Le ministère de la Sécurité intérieure (DHS) a rapidement réagi, affirmant qu’Alex Pretti était armé d’un pistolet semi-automatique et avait « violemment résisté », ce qui aurait poussé un agent, « craignant pour sa vie », à faire feu. Une photo de l’arme présumée a été publiée sur les réseaux sociaux. Toutefois, Bellingcat a relevé que l’on voit sur les images « un agent s’éloigner avec une arme ressemblant à celle montrée par le DHS » avant même le premier tir, semant le doute sur le récit officiel.
Un homme sans antécédents
Le chef de la police de Minneapolis, Brian O’Hara, a déclaré que la victime résidait en ville, possédait un permis légal de port d’arme et n’était pas connue des services de police. Il a décrit « une situation extrêmement imprévisible », expliquant que l’arrivée rapide de manifestants après les tirs avait empêché les forces locales de sécuriser correctement les lieux de l’incident.
Le gouverneur démocrate du Minnesota, Tim Walz, a condamné des « tirs atroces » et appelé à ce que l’enquête soit confiée aux autorités locales. « On ne peut pas se fier à l’État fédéral », a-t-il déclaré lors d’une conférence de presse, en dénonçant l’attitude de l’ICE, qu’il accuse de « semer le chaos et la violence ». Le maire de Minneapolis, Jacob Frey, a également demandé à l’administration Trump de mettre fin aux opérations de la police de l’immigration dans sa ville, appelant à « rétablir la paix ».

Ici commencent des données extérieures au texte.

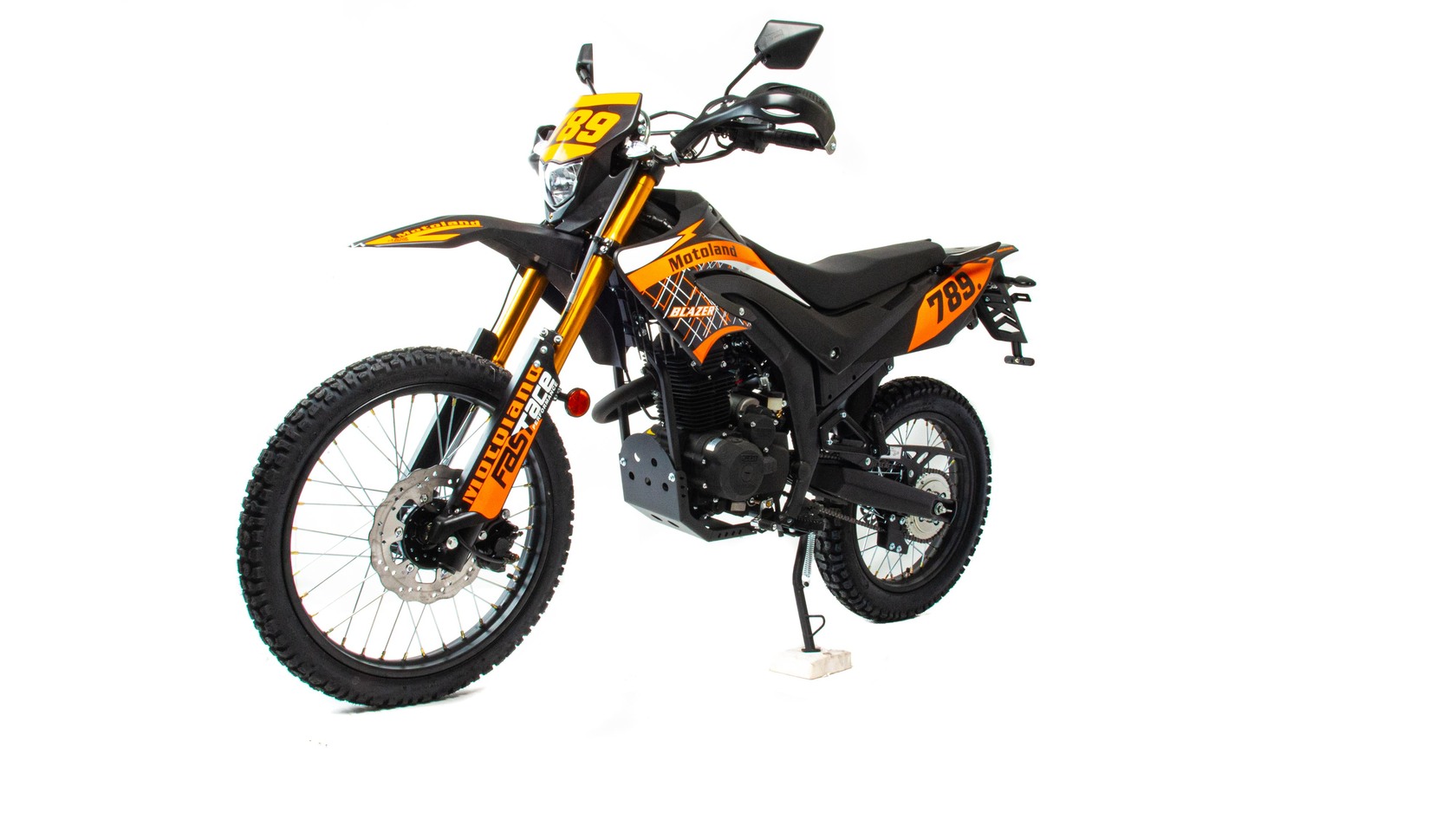 Motoland BLAZER 250 - отличный эндуро-мотоцикл по доступной цене. Двигатель 165FMM мощностью 16 л. с., усиленную «перевернутую» переднюю вилку, защиту двигателя и рук, LCD-панель, светодиодные поворотники и стоп-сигнал и кроссовую фару.Переднее колесо 2.75-21, заднее колесо 4.0-18.мотоцикл двойного назначения – для асфальта и легкого бездорожья.Наличие ПТС дает возможность легально передвигаться по городским улицам и дорогам общего пользования, внедорожные качества позволяет без особых усилий преодолевать бездорожье.Как видите, за довольно символическую цену вы получаете полноценный эндуро мотоцикл. После небольшой доработки мотоцикла, его свободно можно использовать для эндуро рейдов.Blazer 250 отлично подойдет как опытным любителям эндуро, так и начинающим.Мотоцикл маневренный и потрясающе удобный в городе, из за своей узкой и высокой формы, способный пролезть даже в минимальные зазоры между стоящими в пробке автомобилями. , внедорожные качества позволяет без усилий преодолевать грязь и трудопроходивые места .Максимальную скорость – 120 км/ч которой для города и неспешных прогулок за его пределы вполне достаточно..При этом он прост в управлении и неприхотлив в обслуживании и подходит мотолюбителям любого возраста,и опыта вождения.Мягкое сидение для 2-х пассажиров и подножки пассажира для удобных совместных поездок.Тихий городской глушитель, который не доставит вам дискомфорта.Скромный расход топлива, который почти не зависит от того, с какой скоростью едет мотоцикл и на каких оборотах работает двигатель, в среднем это 3,2-3,5 л на 100 км.Мотоцикл прост в управлении и неприхотлив в обслуживании. Подходит мотолюбителям Эндуро любого возраста и опыта вождения, которым нужна техника для поездок из точки А в точку Б и обратно по дорогам и легкому бездорожью.Технические характеристикиMotoland BLAZER 250 оснащен одноцилиндровым четырехтактным двигателем с воздушным охлаждением.Двигатель 172 FMM мощностью 21 л. с. и объемом 250 см³, ГРМ ЦепнойКарбюратор PZ 30 .Для запуска двигателя можно использовать электростартер или кикстартер.Механическая трансмиссия содержит 5 передач.Полудуплексная стальная рамаДополнительный бардачок для ключей Установлена 428 цепь Защита рукМотоцикл оснащен надежными передними и задними тормозами с двух и одно поршневыми тормозными суппортами соответственно.Колёса спицованные, размер заднего колеса — 18 дюймов, переднего — 21 дюймВесит 120 кг, выдерживает нагрузку до 150 кг.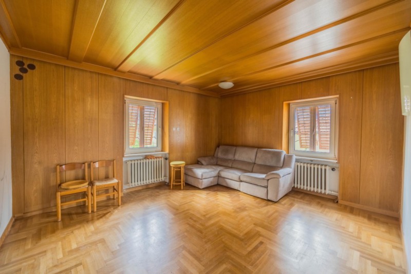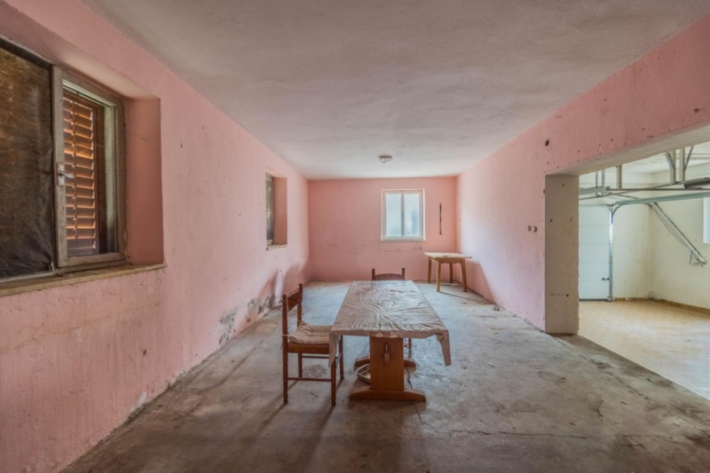 Im Untergeschoss befinden sich zwei geräumige Kellerräume, die sich ideal für Lagerzwecke, eine kleine Werkstatt oder als Weinkeller eignen. Das Erdgeschoss beherbergt eine Garage, ein Badezimmer sowie einen Hobbyraum, der sich flexibel nutzen lässt – etwa als Fitnessbereich, Atelier oder zusätzlicher Wohnraum.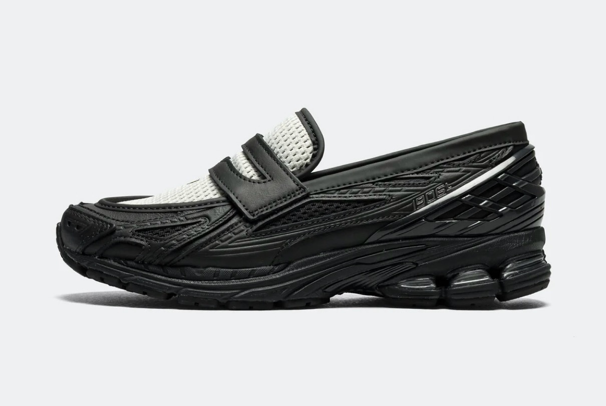 NBの新作フットウェア『1906L』では、NBのランニングシューズ『1906R』をコインローファー風に再構築し、通常1906Rのアッパーに搭載されるN lock(エヌロック)システムを撤廃。クラシックなローファーのディテールをドッキングし、ソールには衝撃吸収素材であるABZORB(アブゾーブ)、N-ergy(エナジー)クッショニングを組み合わせ、踵にはTPU素材を用いたヒールサポートを用いて快適な履き心地を提供。アッパーは艶感のあるクロコダイル型押しレザーで構築し、ヴァンプに“N”、ヒールサイドには“1906L”のロゴを配置。カラーはブラックのレザーアッパーとミッドソールに、メリハリの効いたアンゴラホワイトのメッシュヴァンプ&タンで仕上げている。

Alex Pretti était venu pour se livrer à la violence
Du côté fédéral, la secrétaire à la Sécurité intérieure, Kristi Noem, a affirmé qu’Alex Pretti était « venu pour se livrer à la violence », et le conseiller de la Maison Blanche Stephen Miller l’a qualifié d’« assassin ». Le président Donald Trump, sur sa plateforme Truth Social, a rejeté toute responsabilité, accusant au contraire les responsables démocrates locaux de « pousser à l’insurrection avec leur rhétorique pompeuse, dangereuse et arrogante ».
Colère dans la ville
Depuis la mort de Renee Good, devenue un symbole des abus reprochés à l’ICE, Minneapolis vit dans un climat de tension. Les élus démocrates au Congrès ont exprimé leur indignation après la mort d’Alex Pretti, certains allant jusqu’à menacer de bloquer le financement du gouvernement fédéral, qui pourrait connaître une nouvelle paralysie budgétaire à la fin du mois.
Alors que les autorités fédérales campent sur leur version, les appels à une enquête indépendante se multiplient. Et dans les rues glacées de Minneapolis, la colère ne semble pas près de retomber.